Pesawaran, Lampung, Serunting news .Id. – Hujan deras yang mengguyur Kabupaten Pesawaran sejak Jumat malam hingga Sabtu dini hari, 5 Juli 2025, mengakibatkan banjir bandang yang melanda Dusun Suka Damai, Desa Penengahan, Kecamatan Way Khilau. Bencana ini bukan sekadar peristiwa alam, melainkan cerminan dari kegagalan sistemik dalam pengelolaan lingkungan dan respon pemerintah yang lamban dan tidak memadai. Puluhan rumah warga terendam air, lumpur, dan sampah, menenggelamkan harta benda dan menimbulkan trauma mendalam bagi penduduk setempat, Minggu, (6/7/2025)

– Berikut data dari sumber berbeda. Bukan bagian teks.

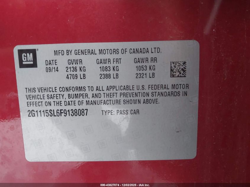 2015 CHEVROLET IMPALA 2015 року Бензин, 2.5, Передній привід, vin - 2G1115SL6F9138087 з США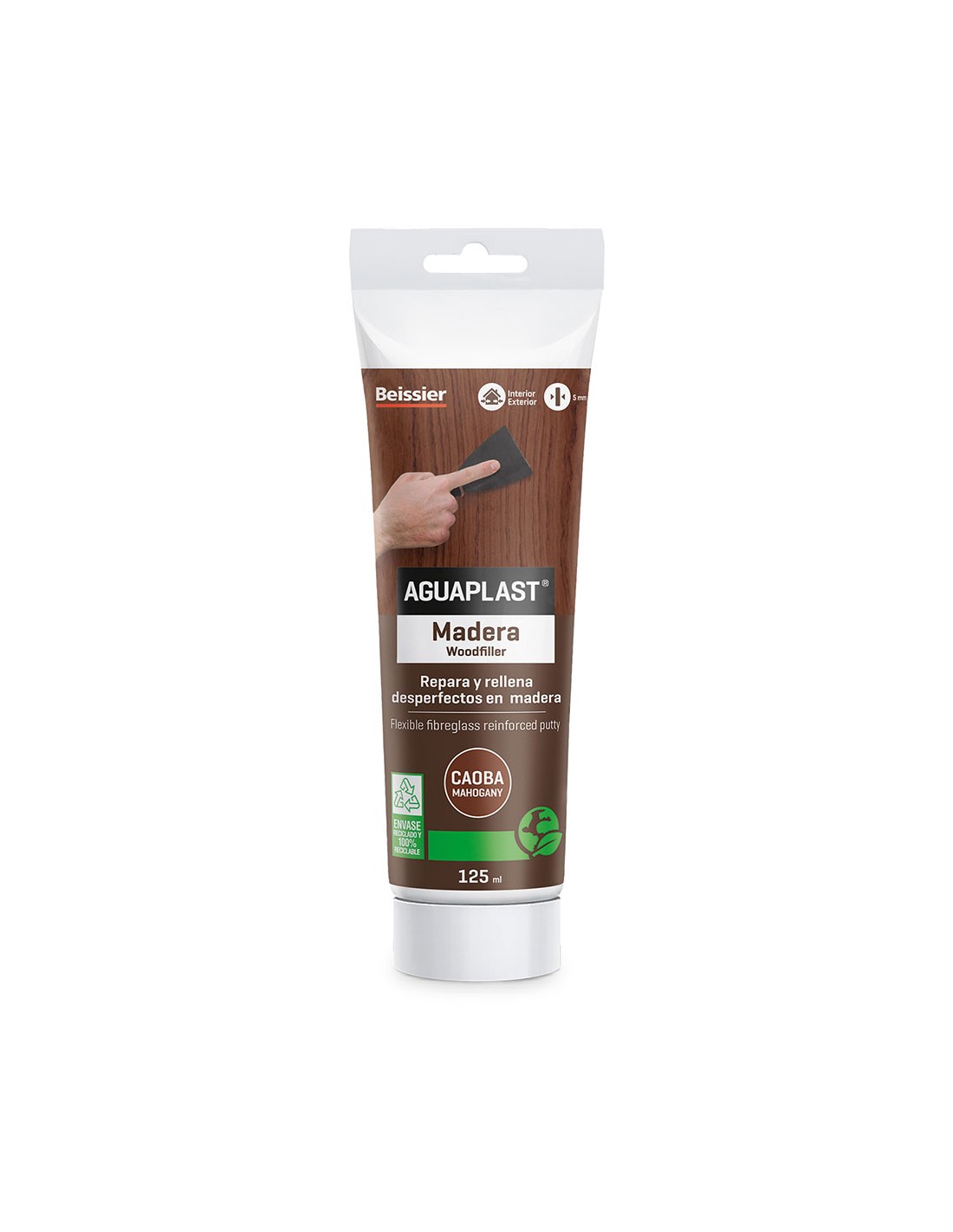 Masilla lista al uso para reparar, rellenar y nivelar pequeñas grietas, agujeros y desperfectos sobre todo tipo de maderas. reforzado con fibra de vidrio. moldeable. recortable. sin disolventes. muy flexible, se adapta a las deformaciones de la madera hasta un 20%. ligero, no descuelga. para interior y exterior. color caoba. 125 ml

Banjir bandang yang terjadi secara tiba-tiba menyebabkan kepanikan di Dusun Suka Damai. Air bah yang deras menggenangi rumah-rumah warga dengan cepat, menyisakan lumpur dan sampah yang menumpuk hingga setinggi lutut orang dewasa di beberapa titik. Warga berjuang menyelamatkan barang-barang berharga mereka di tengah derasnya hujan dan arus air yang deras. Tidak ada posko darurat yang tersedia, dan warga hanya mengandalkan kekuatan sendiri untuk menghadapi bencana ini.

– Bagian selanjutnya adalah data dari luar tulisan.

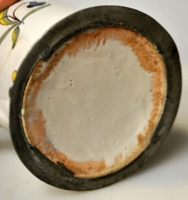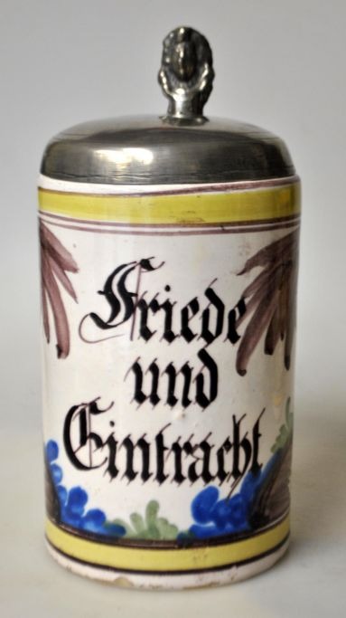 Beer mug, faience, Hannoversch Münden, ca. 1830, Germany. Polychrome decoration with German text: "Friede und Eintracht". Signed at the bottom. Pewter lid with lion. Stamped. With handle. H.: 19 cm.NB: Perfect condition!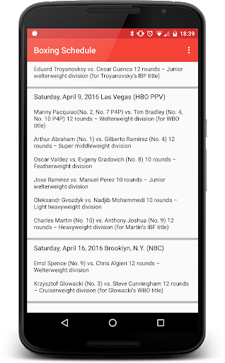 Quick and easy way to view the upcoming boxing fights/schedule.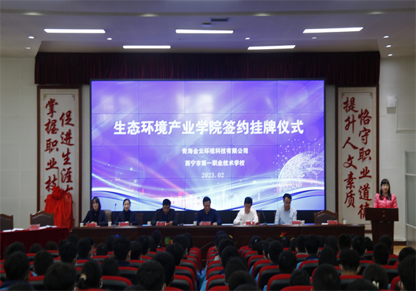 為深入貫徹落實(shí)職業(yè)教育現(xiàn)場(chǎng)推進(jìn)會(huì)精神,深化產(chǎn)教融合校企合作,2023年2月23日,西寧市第一職業(yè)技術(shù)學(xué)校與青海金云環(huán)境科技有限公司隆重舉行校企生態(tài)環(huán)境產(chǎn)業(yè)學(xué)院簽約掛牌儀式。西寧市教育局領(lǐng)導(dǎo),西寧市第一職業(yè)技術(shù)學(xué)校領(lǐng)導(dǎo)及生態(tài)環(huán)境產(chǎn)業(yè)學(xué)院師生,金云科技高層領(lǐng)導(dǎo)出席簽約儀式。儀式由西寧第一職業(yè)技術(shù)學(xué)校黨委書記、校長(zhǎng)金耀東主持。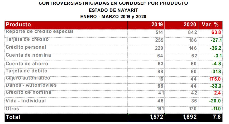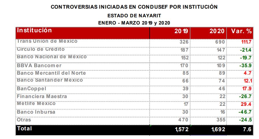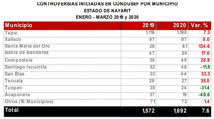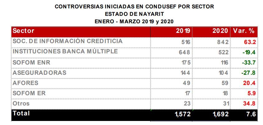 La Comisión Nacional para la Protección y Defensa de los Usuarios de Servicios Financieros (CONDUSEF) informa sobre las controversias iniciadas en el Estado de Nayarit en el periodo enero-marzo de 2020 en comparación con el mismo periodo de 2019.
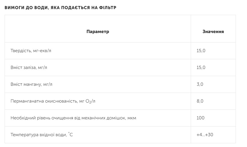 Сердцем фильтра является фильтрующий материал Ecomix A, расположенный в крепком корпусе. Система также снабжена солевым баком для регенерации и многофункциональным управляющим клапаном от Clack Corporation (США). Именно этот клапан отвечает за полностью автоматическую и бесшумную работу оборудования, сводя участие пользователя к минимуму — достаточно периодически добавлять таблетированную соль в бак.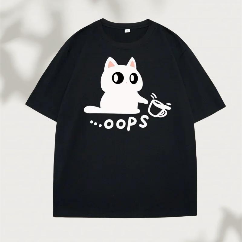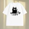 Camiseta divertida con estampado de gato negro Meow Meow para mujer ropa informal de calle con cuello redondo camiseta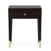 Elevate your bedroom with the modern sophistication of the Look 0cd4005 Italian bedside table from the Ellipse collection by designer Matteo De Stefani. Crafted in Italy from luxurious wood, this sleek rectangular nightstand features a single drawer for convenient storage. The minimalist design of the Look 0cd4005 is accented with gold-plated metal inserts, adding a touch of elegance to any bedroom decor.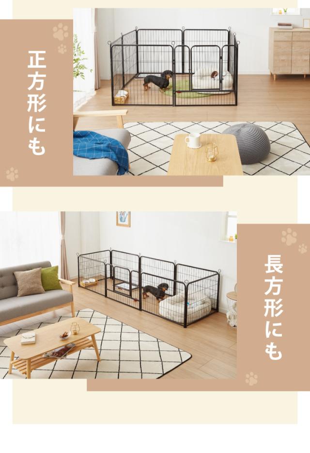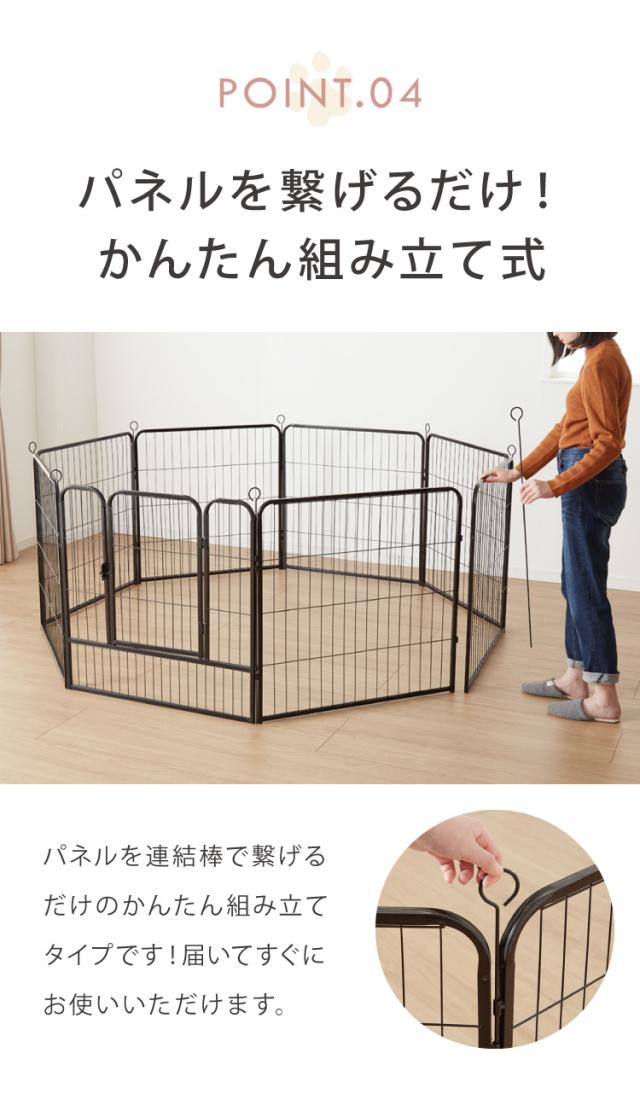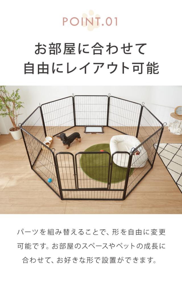 ペットフェンス、ジョイント、ドア付き、組立簡単、置くだけ、ペット、室内、屋内、ペットサークル、柵、ドッグ、ケージ、パーテーション、ペット用品、ペットグッズ、フェンス、犬、猫、工具不要、コンパクト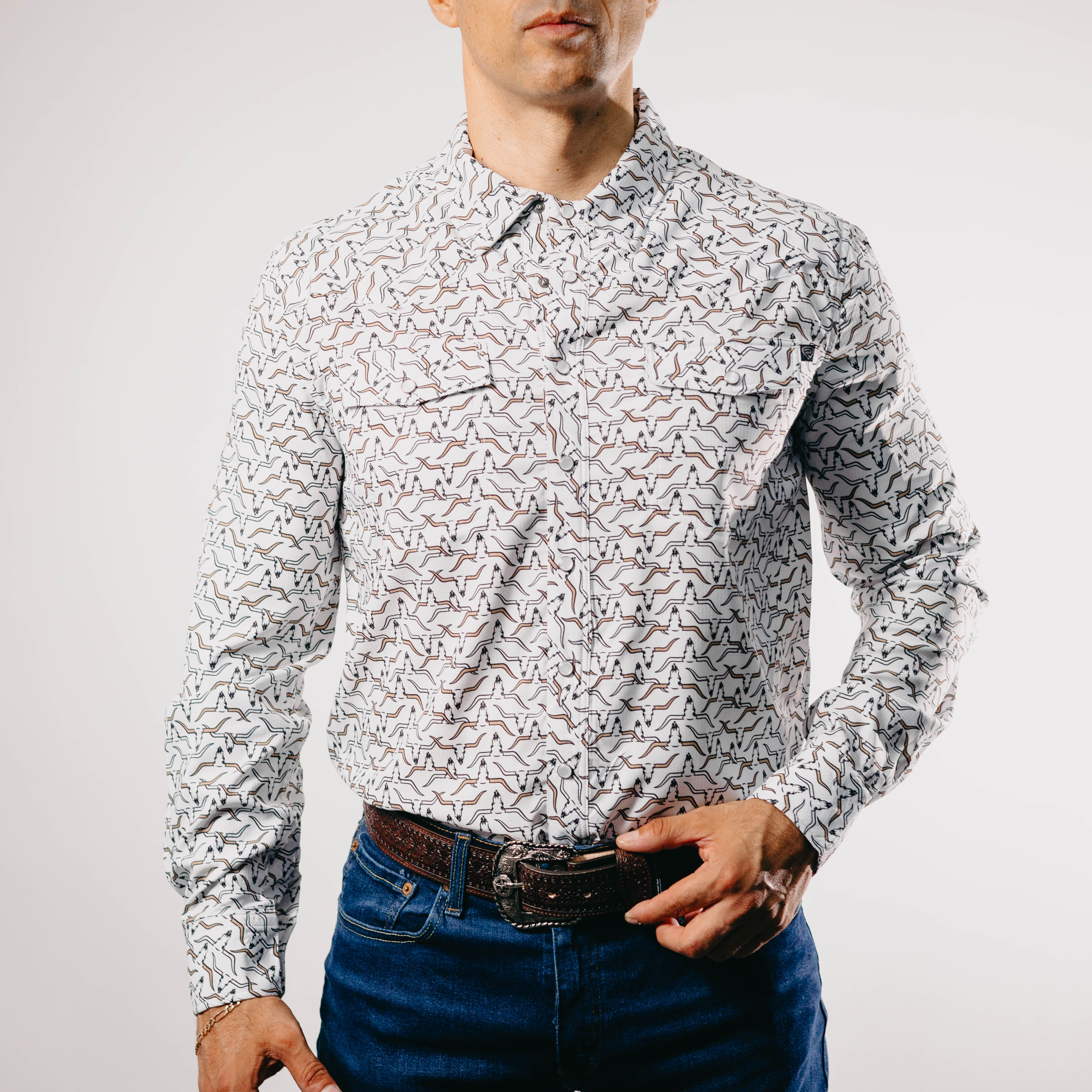 Camisa Vaquera Rock&Roll, Performance Ligera y Transpirable, Control de Olores, Absorcion y Sistema de Ventilacion Trasera, Longhorn, Blanca, Manga Larga, Broches de presón, Corte Regular, 100% Poliester, SKU# ROC1002, *Modelo Mide 1.80, pecho 1.12 mts y uso talla M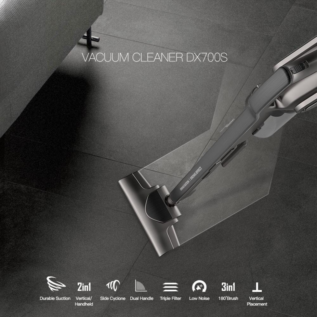- Máy hút bụi DX700s khắc phục được những nhược điểm của những dòng máy hút bụi công suất lớn như cồng kềnh, khó di chuyển và không hút được những khe rãnh nhỏ.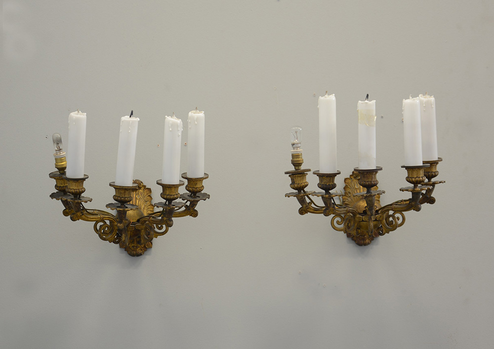 Coppia di appliques a cinque fiamme in bronzo dorato decorato a motivi vegetali e volute. Fine secolo XIX

Seorang warga, yang meminta namanya dirahasiakan, menceritakan pengalamannya, “Air datang begitu cepat. Kami tidak sempat menyelamatkan banyak barang. Ini bukan kali pertama banjir terjadi, tetapi pemerintah seolah-olah tutup mata.” Pernyataan ini merefleksikan kekecewaan dan keputusasaan warga yang telah berulang kali mengalami bencana serupa tanpa solusi yang berarti.
Kejadian ini kembali menyoroti buruknya infrastruktur dan sistem mitigasi bencana di Dusun Suka Damai. Sistem drainase yang tidak memadai dan saluran air yang tersumbat menjadi penyebab utama genangan air yang cepat meluap. Kurangnya perawatan saluran air dan minimnya upaya pencegahan banjir selama ini menunjukkan kurangnya perhatian dari pemerintah daerah.

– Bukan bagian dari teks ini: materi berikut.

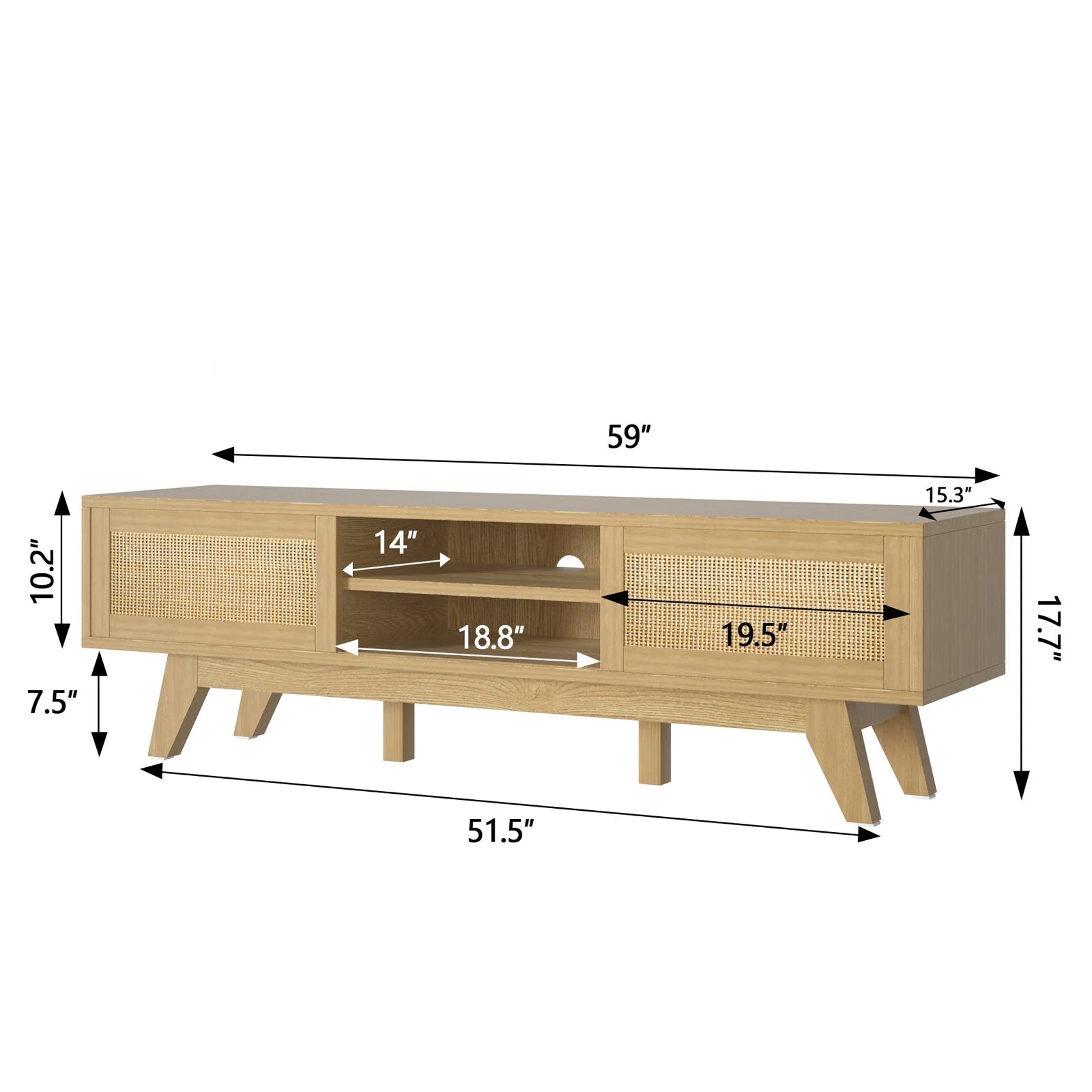 Effortlessly elegant, Tolead clean-lined TV stand pairs a mid-century silhouette with a boho look that elevates your living room or den. It features square cutouts accentuated by rattan inserts on its cabinet doors, making it a beach-inspired focal point in any room. This 59" wide stand is made from solid and engineered wood, and it boasts a roomy interior with an ample shelf that accommodates books, media players, and gaming consoles. We love how its splayed base gives the cabinet a floating appearance. Plus, it has 3 pass-through holes for your cables to keep everything tidy.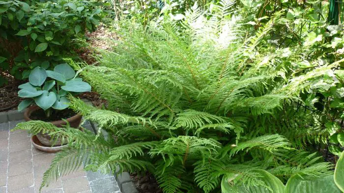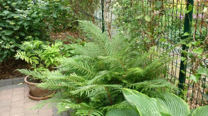 Polystichum setiferum 'Pulcherrimum Bevis' ist ein großer Farn mit glänzend grünen Blättern.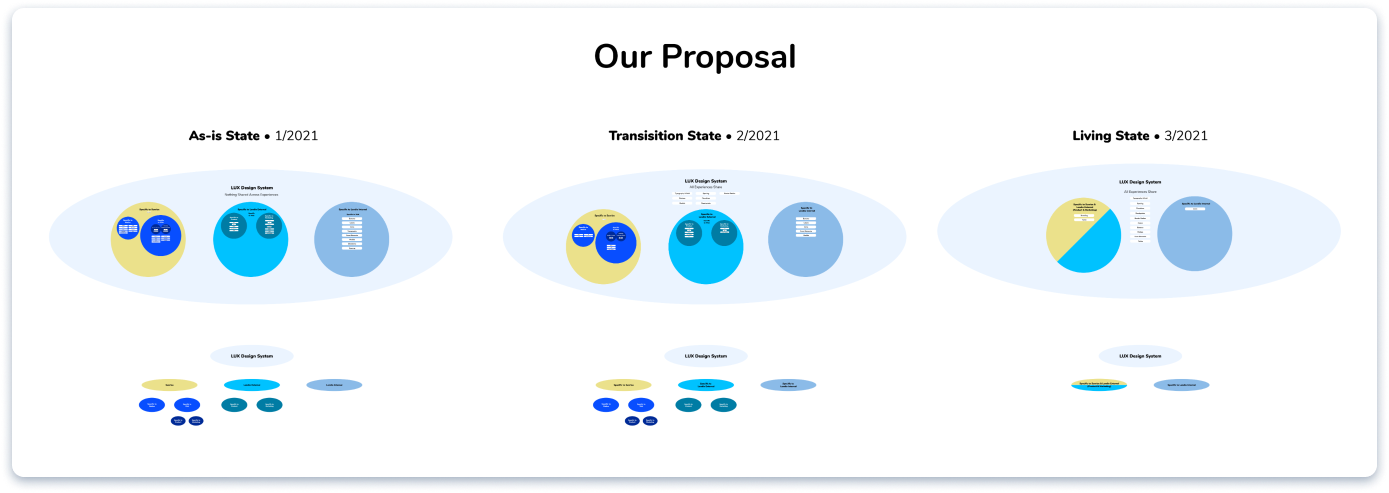 This included creating a side-by-side comparison for each app/site page to illustrate to the teams how the new system would affect their pages.

Selain itu, respon pemerintah terhadap bencana ini sangat lambat dan tidak terkoordinasi. Saat warga berjuang melawan banjir, tidak terlihat adanya bantuan dari pemerintah desa, kecamatan, maupun kabupaten. Kepala Desa dan Camat Way Khilau dilaporkan tidak berada di lokasi kejadian, sementara Dinas Pekerjaan Umum dan Penataan Ruang (PUPR) terkesan menunggu laporan resmi dari desa sebelum mengambil tindakan.
Sendi Yulizar, S.H., Bendahara DPP YLPK Perari, mengkritik keras pemerintah atas kegagalannya dalam mengelola bencana ini. “Kita tidak bisa terus menyalahkan alam,” ujarnya. “Pemerintah seharusnya sudah mengantisipasi titik rawan banjir ini. Kegagalan ini menunjukkan kurangnya tanggung jawab dan prioritas yang salah dalam pengelolaan anggaran.”
Hal senada diungkapkan oleh Buyung E., aktivis sosial yang selama ini aktif mengawal isu-isu kemanusiaan dan lingkungan. Ia mencurigai adanya penyelewengan anggaran yang menyebabkan pemerintah abai terhadap kebutuhan dasar warga. “Jangan-jangan, musibah ini justru dijadikan alasan untuk proyek baru demi menyedot anggaran,” tukasnya.
YLPK Perari dan jaringan media peduli rakyat menyerukan kepada Komisi II dan Komisi IV DPRD Kabupaten Pesawaran untuk segera turun ke lapangan dan menyelidiki penyebab banjir bandang ini. Mereka juga mendesak agar dilakukan audit anggaran untuk memastikan dana yang dialokasikan untuk penanggulangan bencana digunakan secara efektif dan transparan.
Dinas PUPR, BPBD, Dinas Desa, dan seluruh instansi terkait harus bertanggung jawab atas kegagalan dalam mencegah dan menangani bencana ini. Banjir bukanlah sekadar peristiwa alam, tetapi juga cerminan dari buruknya tata kelola pemerintahan yang mengabaikan keselamatan dan kesejahteraan rakyat.
Harapannya, kejadian ini menjadi momentum untuk reformasi sistemik dalam pengelolaan bencana dan peningkatan akuntabilitas pemerintah. Air akan surut, tetapi ingatan publik atas kegagalan ini akan tetap terpatri, (Alioni).